Tuesday 30 June 2009

WATERLANE SPORTS CENTRE, LOWESTOFT BY DV8 DESIGNS

It's very difficult for the uneducated observer to understand what the jazzily named DV8 ("We pride ourselves on providing a friendly, down to earth, supportive and competant [sic] service") is doing, spatially, with this building from their 2D elevation rendering.
Helpfully, they provided the section below to explain the scheme better, so we can really understand the 3-dimensional complexity of the proposal, feel the play of light and sound, and have evoked for us the intricate mix of programmes that make this into so much more than a D&B leisure centre.HAHAHAHAHAHAHAHAHAHAHAHA!
Look at how the dance studio is evoked in this section as a place ideally suited to the joyous expression of the human body. And how the staff are given the best space in the building, dignifying their important role as guardians of the community's health and fitness.
1st year student... my mum can draw better... worst section I've ever seen... etc...

Wednesday 10 June 2009

GREATER MANCHESTER POLICE AUTHORITY HQ, CENTRAL PARK, EAST MANCHESTER BY AEDAS

Oh Aedas, you make really bad architecture quite a lot of the time.

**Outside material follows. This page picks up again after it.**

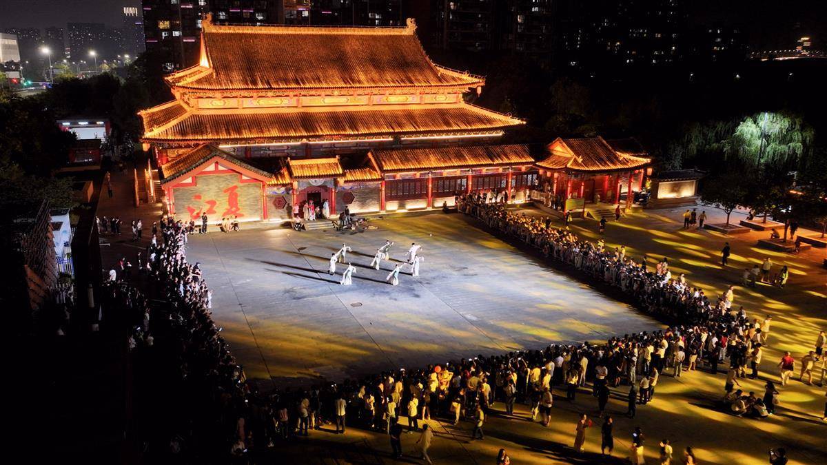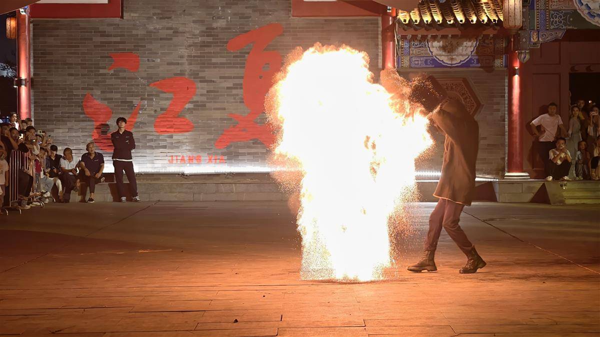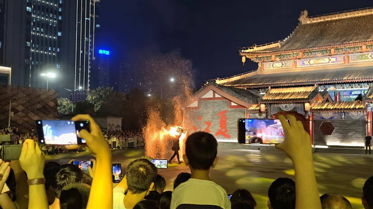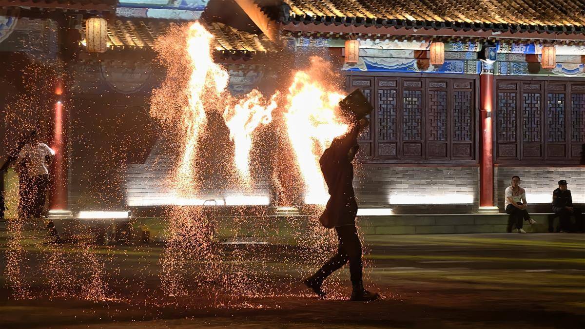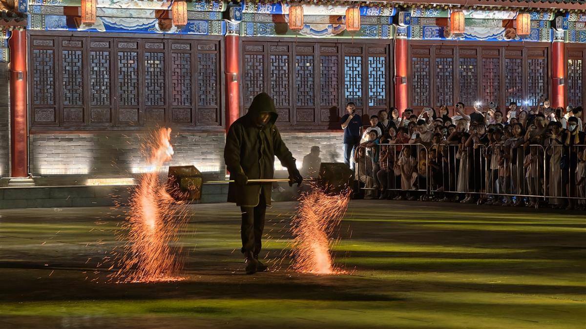 夜幕降臨,戲樓前非遺傳承人手持火壺,演繹“鐵火流光”絕技。火花如星河傾瀉,四濺飛舞卻秩序井然。驚險與安全并存的表演瞬間引爆全場,絢麗光影將夜游氛圍推向高潮,盡顯傳統藝術的魅力。(湖北日報全媒記者 陳少哲 攝)

Here is a quite monumentally ordinary building for the police on a business park in Manchester. What I like about it most is how it marks the corner entrance with a full-height void, a big glass atrium and one spindly column sticking up. And what does this sculptural corner, wherein all the architecture of this building is contained, face? A roundabout.
They could have at least make it convenient for the cops, who, arriving by car and parking presumably at the back of this building, will have to walk all the way around it to get inside. People driving by won't care anyway. They'll be too busy crashing after belly laughing at the pathetic piece of public art that occupies the centre of this roundabout. I wonder if Aedas designed that, too?

Thursday 4 June 2009

QUICK LINK LITE DEPLOYABLE BARRIER SYSTEM BY CORUS, HYDE PARK, LONDON

A VBIED is a vehicle-borne improvised explosive device. A car bomb. When you absolutely, positively need to keep fundamentalist terrorists or ecosocialist nutters from carbombing your shrubbery, you can deploy the Quick Link Lite barrier system like this...

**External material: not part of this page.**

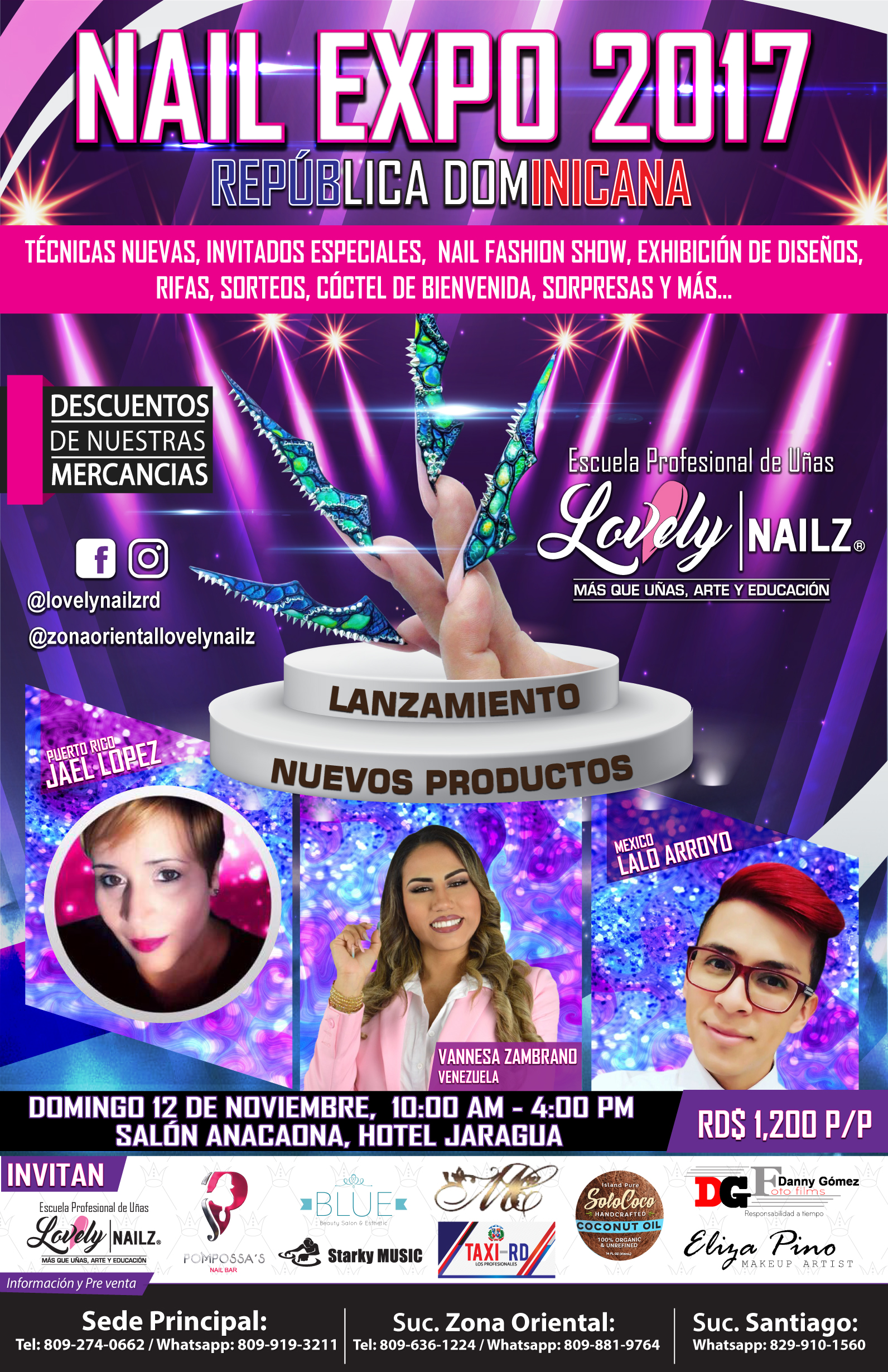 Esta iniciativa, creada y organizada por la Escuela Profesional de Uñas Lovely Nailz, les brindara a los participantes y público en general, no sólo la picadera y compra de los productos que estaremos ofreciendo, sino también del disfrute de una excelente programación musical y artística nunca antes propuesta en el Distrito Nacional (Coctel de bienvenida, Invitados Especiales, Nail Fashion Show, Exhibición de Diseños, Nuevas Técnicas, Lanzamiento de Nuevos productos, Rifas de maletas de productos, lámparas, máquinas y combos de productos, sorpresas y más).

at the impressive rate of 30 metres of barrier per hour with 'minimum disruption'.
This is the architectural expression of how the government has allowed the police, through terror legislation (specifically in this case Lord West's terrorism strategy CONTEST2) to militarise our public realm unabashedly and completely. The top picture looks like a checkpoint along the Berlin wall, and I think it's really interesting how the photographer has tried to give it the maximum intimadation factor by taking the picture from down low.
Quick Link Lite was first used at the G20 summit in London in April, and is coming soon to a perfectly legal and peaceful demonstration near you...

Wednesday 3 June 2009

HOUSE POD BY ECO-MODS, ANYWHEREVILLE

The picture above is of the bleeding edge of the British construction industry, the technology that will solve the crisis in British housebuilding in terms of environmental sustainability, build quality and aesthetics. Behold, the House Pod.
There was a time when the future looked like the future, and so on and so forth, but now all the future aspires to be is profitable. And that means shite like this. We've seen this before on this blog.
They're weird, though. The roofline on this terrace alternates high gables and dormer windows to try to give the impression that these are triple fronted detached houses, when noone could make that mistake thanks to the oversized porch canopies (with flashings and wheelie bins in syncopated rhythms along the street).
These houses will be substantially built off site in a factory. We've heard this before (almost every six months. The biggest noise I remember is Yorkon and its Murray Grove flats in London. Yorkon seems to have given up on resi now, by the looks of its website), and it hasn't transformed the supply chain yet.
Listen, though, there will be 'no compromise on quality' in this factory-made future, according to the press release, because 'The House Pod is building regulation compliant'. Well, that's a relief! The future of mass-manufactured sustainable housing will keep the rain out. The text also describes how the pod 'can currently meet levels 3, 4 and 5 of the Code for Sustainable Homes.' So you can choose how slowly you want your modular development to kill the planet.
Naked, the House Pod looks like this, which is, to my mind, an improvement, although there are DDA issues with the front door.

Tuesday 2 June 2009

FOREST WAY SEN SCHOOL, COALVILLE, LEICESTERSHIRE BY HUNTERS

You know how architects always tell their clients that the proposed timber cladding will 'weather down' into a shimmering grey colour? Well, they're lying. In this case it's Hunters' sweet chestnut cladding on a special needs school in Leicestershire, looking pretty ropey a few months after opening. Click on the picture for the close-up horror.
This school is sustainable. So sustainable, in fact, that trees grow inside the building!
This might be my first example on this blog of something that's so bad, it's good.